4.10.1 Turbo Codes
Turbo codes extend the concept of concatenated coding by incorporating iterative decoding. They are constructed by applying two or more constituent encoders to different interleaved versions of the same input data stream. The interleaver ensures that each encoder processes a decorrelated sequence, which significantly improves error-correction performance.
Unlike conventional concatenated codes, turbo decoders exchange soft information: instead of making hard decisions, the output of one SISO decoder is passed as probabilistic information to the next. This process is repeated iteratively, with each cycle refining the reliability of the decoded bits.
The original Turbo code proposed in 1993 by Berrou, Glavieux, and Thitimajshima was a parallel concatenated convolutional code (PCCC) composed of two recursive systematic convolutional (RSC) encoders separated by an interleaver. Each encoder generates parity bits from either the original or the interleaved input sequence, and the codeword typically comprises the systematic bits plus both parity sequences. Iterative decoding is performed by two SISO decoders—typically based on the maximum a posteriori (MAP), Log-MAP, or soft-output Viterbi algorithm (SOVA)—which iteratively exchange reliability information until convergence.

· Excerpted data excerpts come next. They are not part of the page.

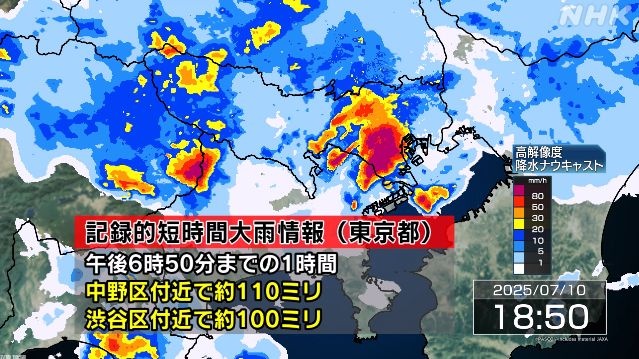 東京 中野区 渋谷区付近に記録的な大雨 災害の危険迫る | NHK【NHK】気象庁によりますと、午後6時50分までの1時間にいずれもレーダーによる解析で東京中野区付近でおよそ110ミリ、渋谷区付…www3.nhk.or.jp - 2 : 2025/07/10 19:36:07 Tqu4A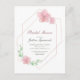 A delicate rose gold geometric frame is decorated with simple pink blooms and blue green foliage on this pretty floral bridal shower invitation. The text is set in deep pink and coordinating blue green script font. Add your details on the product page.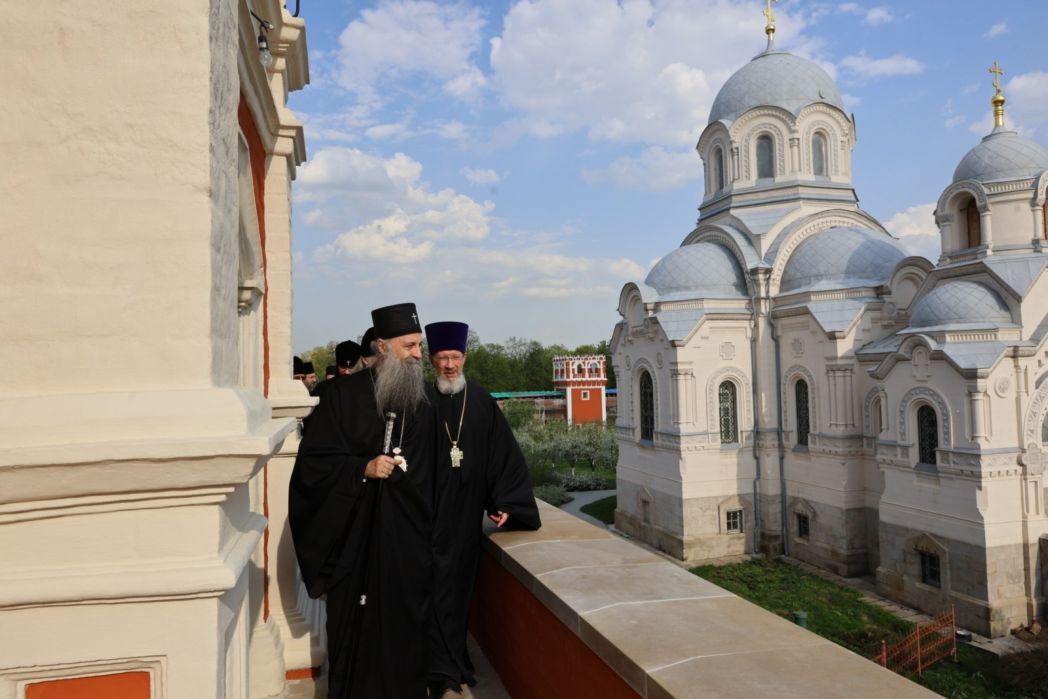 Да, братия помнит, как Святейший Патриарх Сербский Порфирий вознес молитву и поклонился мощам святителя Тихона, находящимся в Большом соборе монастыря, а затем проникновенно сказал: «Дай Бог, чтобы мы имели терпение, смирение и прежде всего любовь ко Господу и любовь между собой. Чтобы жили по заповедям Божиим, и Господь молитвами святого Тихона будет со всеми нами». После чего высокий гость из братской Сербии вместе с митрополитом Феогностом и сопровождающими лицами проследовал в келью-музей святителя. Как и Патриарх Кирилл, он тоже после осмотра кельи захотел посмотреть на примыкающую к ней паперть надвратной церкви Тихвинской иконы Божией Матери.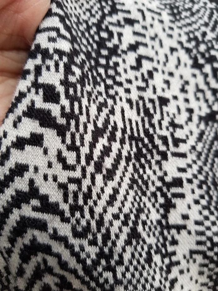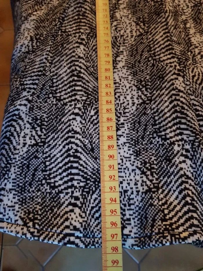 Robe zébrée noir et blanc 46% laine, 42% coton, col en V. Fermeture zippée dans le dos, taille élastiquée. Mesures voir photos - T. 38 - TRÈS BON ÉTAT. #alupinerobejupefemmetaille38 #robefemme38 #robemanchescourtesfemme38 #robecomptoirdescotonniersfemme38 #robemanchescourtesfemmecomptoirdescotonniers38 #comptoirdescotonniersfemme38 #robelainefemme38 #robelainecomptoirdescotonniersfemme38 #comptoirdescotonniers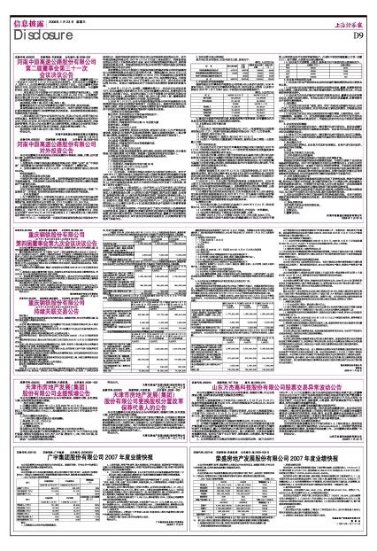广宇集团股份有限公司2007年度业绩快报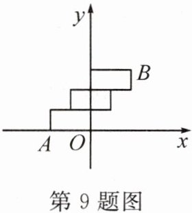 9. 如图,在平面直角坐标系中放置三个长为$2$,宽为$1$的长方形。已知一次函数$y = kx + b$的图象经过点$A$,$B$,则$k =$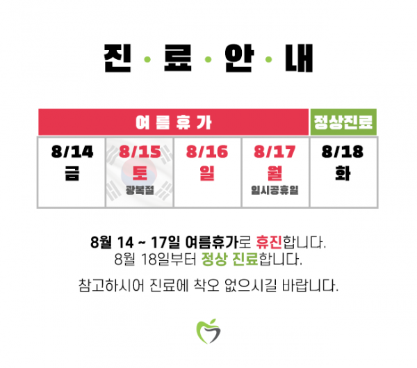 8월 14 ~ 17일 여름휴가로 휴진합니다.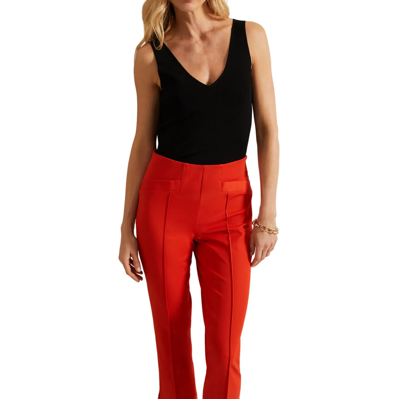 - Wide stretch waistband, front seams, front slit pockets, split hem
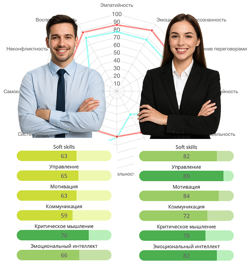 компания не придумывает критичные компетенции заранее. Сначала мы проводим диагностику действующих руководителей по единой модели компетенций SkillCode — это 46 параметров, объединённых в пять кластеров: Диагностика проводится онлайн, по глубинным психометрическим методикам, а не «по экспресс-опросникам на 10 минут». На выходе у компании появляется сопоставимый массив данных по всем управленцам в единой системе координат. Второй шаг — связать эти данные с реальностью бизнеса. На стороне компании мы выделяем группу руководителей, которые: Затем мы сопоставляем их профили в системе SkillCode и смотрим, какие компетенции у этих людей устойчиво выше, чем у остальных. Так формируется эталонный профиль роли именно в этой компании: Отдельно строятся модели под разные роли: продажи, операционный блок, продукты, региональное управление, проектный офис и т.д. Когда эталонные модели построены, оценка перестаёт быть абстрактным упражнением. Система SkillCode позволяет: Здесь оценка превращается в язык для обсуждения управленцев: не «мне кажется, он слабый», а «у него низкое управление конфликтами и слабая системность при высокой ориентации на результат — в нашей реальности это риск». Отдельный момент — оценка не должна быть «инкубаторской процедурой раз в три года». В SkillCode компании могут: Таким образом оценка превращается в контур управления человеческим капиталом, а не разовый HR-проект ради галочки в корпоративном отчёте. Если собрать опыт внедрения SkillCode в разных компаниях, можно выделить несколько обязательных требований к системе оценки. 1. Объективность.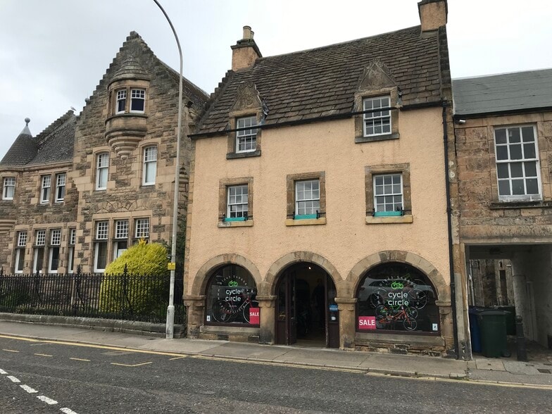 The subjects are prominently located at the eastern end of Elgin High Street where it connects to South College Street which in turn connects to Greyfriars Street. he building which dates back to 1694 is Category “A” Listed and comprises ornate stonework and graded stone roof detailing. The shop front comprises three round headed arches set on squat pillars. The central arch provides glazed side lights on either side of double timber part glazed entrance doors. The arches on either side of the entrance provide large display windows.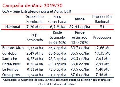 En este informe de mayo, se vuelve a subir la estimación de maíz, ya con un 45% de avance de las tareas de cosecha. Se ajusta el rinde nacional, ahora en 82,4 qq/ha, 1,25 quintal más que en el informe anterior. La razón de esta suba, 1,2 Mt más que hace un mes, se explica en gran parte por los mejores resultados de Entre Ríos, Chaco y Santiago del Estero y por un ajuste practicado en áreas de Córdoba que suma 60 mil ha en el norte.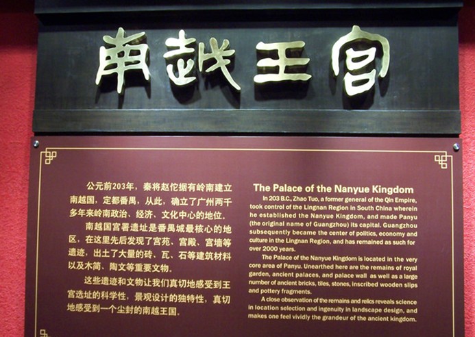 1995年、1997年在廣州北京路與中山四路交會處,發(fā)現(xiàn)了兩千年前趙佗建立的南越王宮署遺址。南越國宮署御苑中的大型石構(gòu)水池和曲流石渠設計之獨特,構(gòu)筑之精巧,規(guī)模之宏大,令人贊嘆不已。這處遺址先后兩次被評為全國十大考古發(fā)現(xiàn)。據(jù)悉這是中國迄今發(fā)現(xiàn)最早的御苑遺址,對研究古代建筑、古代園林和南北民族融合的歷史有重要的價值,是中國文化瑰寶,為廣州歷史名城精華所在。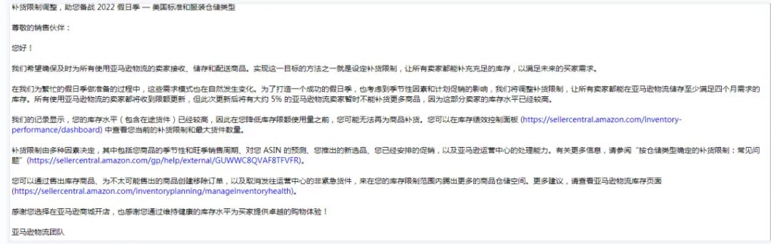 虽然早在八月份的时候卖家就收到了邮件亚马逊补货限制的消息,便以为不会再次大幅度调整。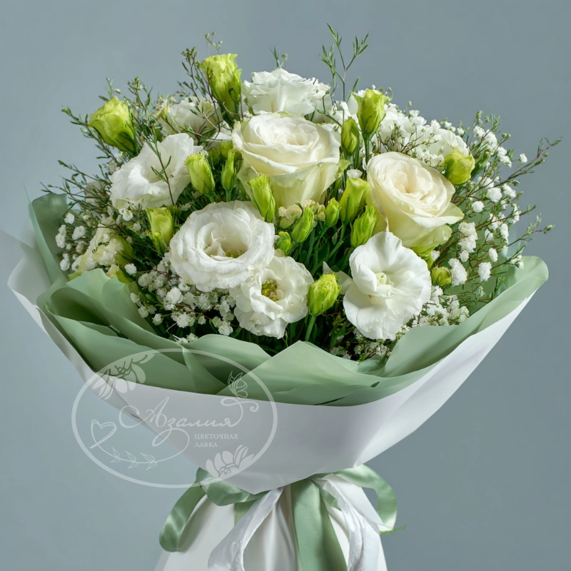 Белоснежная гамма и тонкие стебли — словно звон хрустального ветра. Эустомы придают композиции воздушность и элегантность. Букет, который говорит о любви, уважении и заботе.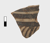 | Description: | Red clay, smooth buff surafce with pattern in black; late helladic III. | |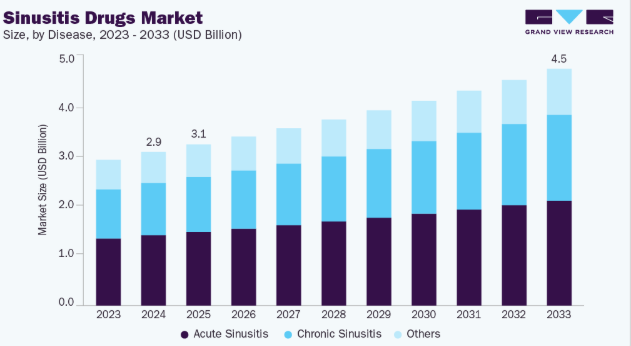 - 米国の副鼻腔炎治療薬業界は、2025年から2033年にかけて最高CAGRを記録すると予測される。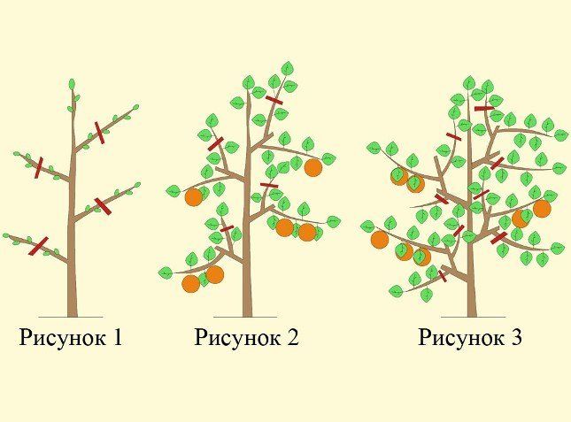 Large fruits are obtained due to the annual formation of fruit links, removal of weakened (damaged) branches, normalization of flowers first, then ovaries. When forming a fruit link, the following schemes are followed: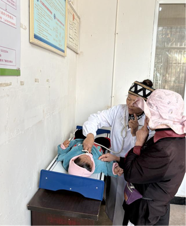 云南网联合云南省人口和卫生健康宣传教育中心的“公卫医疗政策推行”主题调研采风小组在威远镇联齐村卫生室,见到了正在给儿童进行健康体检的拉祜族村医李文芳。李文芳医生今年52岁,已从事村医工作25年。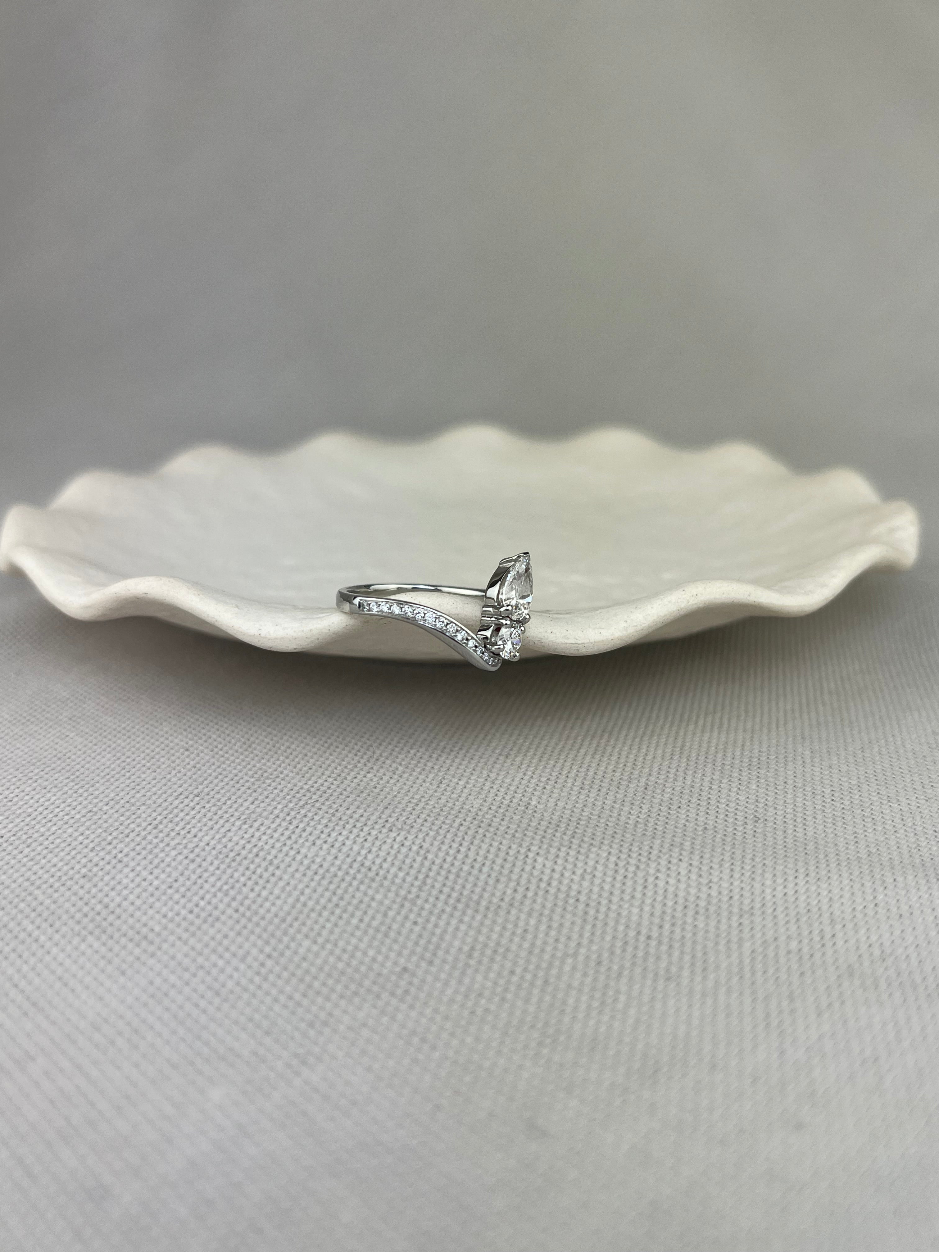 Platinum Diamond Pear Shape Toi Et Moi Two Stone Sparkle Shoulder Ring 1.08ct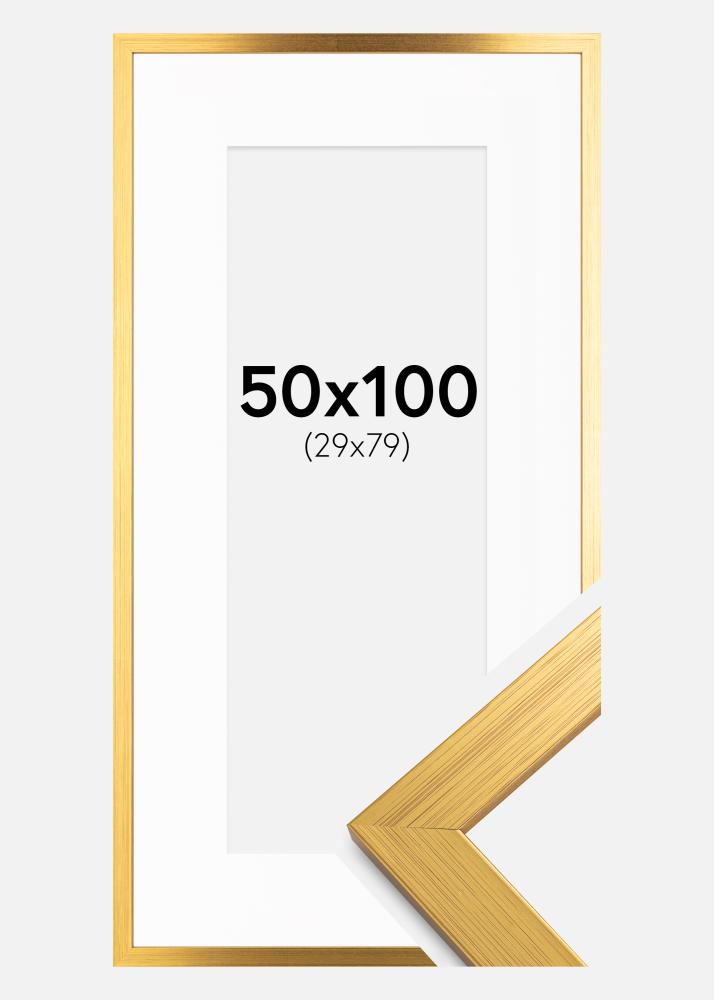 Suteikite savo nuotraukoms dėmesio, kurio jos nusipelno, su elegantišku auksiniu rėmeliu su balta paspartu. Šis paveikslo rėmas, kurio išoriniai matmenys yra 53,4x103,4 cm, puikiai tinka akcentuoti jūsų nuotraukai, kurios dydis 30x80 cm. Paspartu suteikia gylio ir profesionalumo pojūtį, kuris išryškina motyvą ir apsaugo jį nuo sąlyčio su stiklu.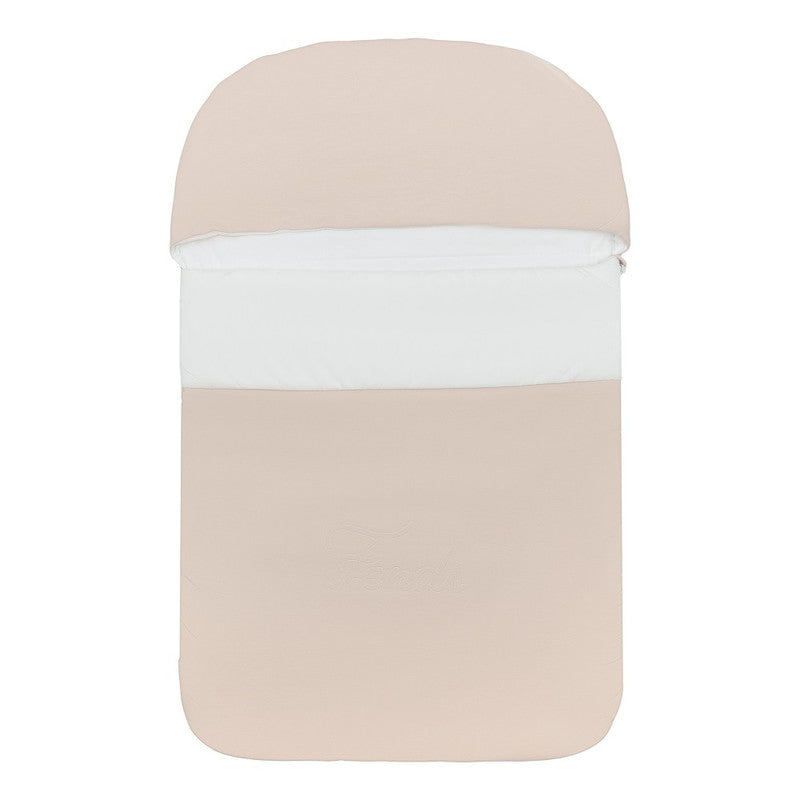 Baby sleeping bag in beige jersey with white border and tone-on-tone Fendi embroidery on the front.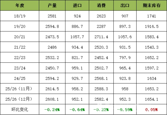 25/26年度主要的棉花主產(chǎn)國的產(chǎn)量以豐產(chǎn)或高產(chǎn)為主,全球需求總體表現(xiàn)一般,因此全球供給仍偏寬松。受產(chǎn)量增加、消費量下降影響,最終期末庫存處于近6個年度平均值下方,整體壓力不大。綜合來看,本次報告指引有限,市場反應平淡。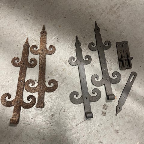 Antikke Hængsler, Jern beslag, 12 stk antikke hængsler lavet af jern.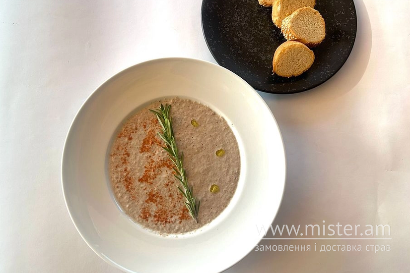 Печериці, вершки, спеції, цибуля, перець болгарський, соєвий соус, мускатний горіх, трюфельна олія.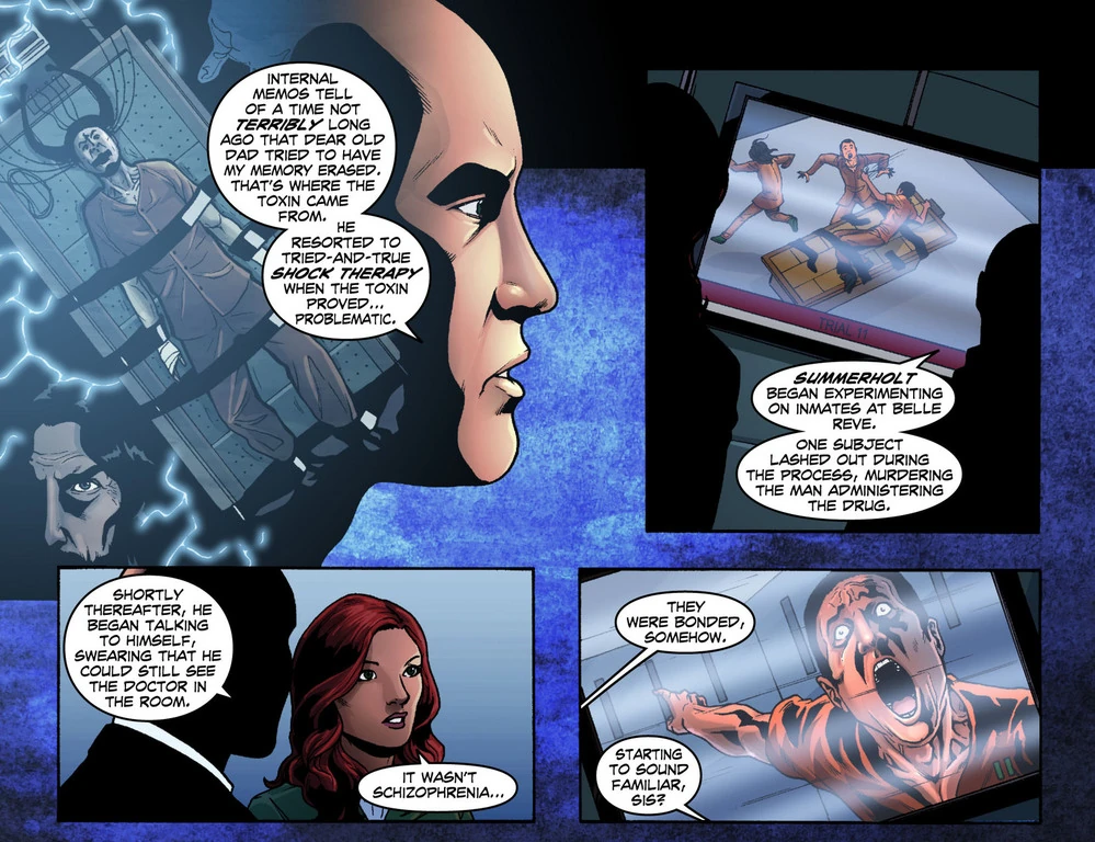 - ↑ She began her career as a marine biologist (Toxic), and also proposed building a solar tower to power Metropolis (Crossfire). She chose to side with Major Zod over humanity in the alternate future of Pandora, and told Oliver that she made the choice because "someone had to save the Earth. I couldn't give up on that."

In SISO decoding, the magnitude of the received symbols is retained throughout the decoding process; for example, in the presence of noise, a received BPSK symbol whose amplitude is closer in value to the expected magnitude of ±V volts provides greater confidence than one closer to zero volts. The soft input symbol stream is passed through an interleaver identical to that used in the transmitter. The interleaver output is then read by rows and columns into two SISO decoders corresponding to the two constituent encoders at the transmitter. Each decoder produces a soft estimate of the transmitted information sequence—one corresponding to the directly encoded path and the other to the interleaved path. The decoders’ outputs are compared, and their soft output values are used to weight the confidence associated with each decoded bit. The process is then repeated iteratively, with updated reliability information exchanged between decoders, to refine the estimate of the original transmitted data. Successive iterations progressively reduce the number of residual errors, thereby improving the overall BER.
Turbo codes achieve performance remarkably close to the Shannon limit, enabling reliable communication at Eb/N0 ratios near 0 dB—typically within about 1.6 dB of the theoretical capacity limit, depending on block length and code rate. They are widely used in applications demanding high spectral and power efficiency, including 3G and 4G mobile standards, satellite communications, and deep-space missions.
Following the introduction of Turbo codes, numerous coding schemes have been developed that share the same iterative-decoding principle—the exchange of extrinsic information between constituent decoders to achieve near-Shannon-limit performance. These schemes, collectively termed Turbo-like codes, extend the original concept of parallel concatenation to serial, product, and spatially coupled forms:
- Serially Concatenated Convolutional Codes (SCCC). SCCCs, or serial Turbo codes, were proposed as an alternative concatenation that retains iterative decoding but reverses the structural order of encoding. An outer convolutional encoder processes the information sequence, which is then interleaved before entering an inner convolutional encoder. Only the inner code’s output is transmitted. The iterative decoder alternates between inner and outer SISO decoders, exchanging soft information via the interleaver/de-interleaver pair. SCCCs typically offer comparable performance to PCCCs but with greater flexibility in code-rate selection and improved minimum-distance properties.
- Turbo Product and Block Turbo Codes (TPC/BTC). Another generalization of the Turbo concept replaces convolutional constituents with block codes. TPCs, sometimes termed BTCs, encode the information array first along one dimension (e.g., rows) and then along the orthogonal dimension (e.g., columns). Each constituent is typically a BCH or Reed–Solomon code. Decoding is iterative and soft-decision-based, commonly using the Chase–Pyndiah algorithm for each component. These codes achieve excellent performance at moderate block lengths with structured interleaving and relatively simple hardware implementation.
- Repeat–Accumulate and Related Codes. Simplified Turbo-like structures also emerged in which the output of the interleaver feeds a rate-1 accumulator—a single-state recursive convolutional code. In a repeat–accumulate (RA) code, each input bit is repeated, interleaved, and passed through the accumulator; irregular repeat–accumulate (IRA) and accumulate–repeat–accumulate (ARA) variants introduce degree irregularity or dual accumulation to improve distance properties and decoding thresholds. These ensembles maintain the Turbo principle but are graph-based and closely related to sparse-graph codes.
- Braided and Spatially Coupled Turbo-Like Codes. More recent research couples multiple Turbo code chains through braided or spatially coupled connections. These structures exhibit threshold saturation, where the belief-propagation decoding threshold approaches the MAP limit, significantly improving performance at long block lengths. Braided convolutional codes intertwine several constituent encoders, while spatially coupled Turbo codes link multiple interleaved instances across time or space, creating convolutional-like ensembles.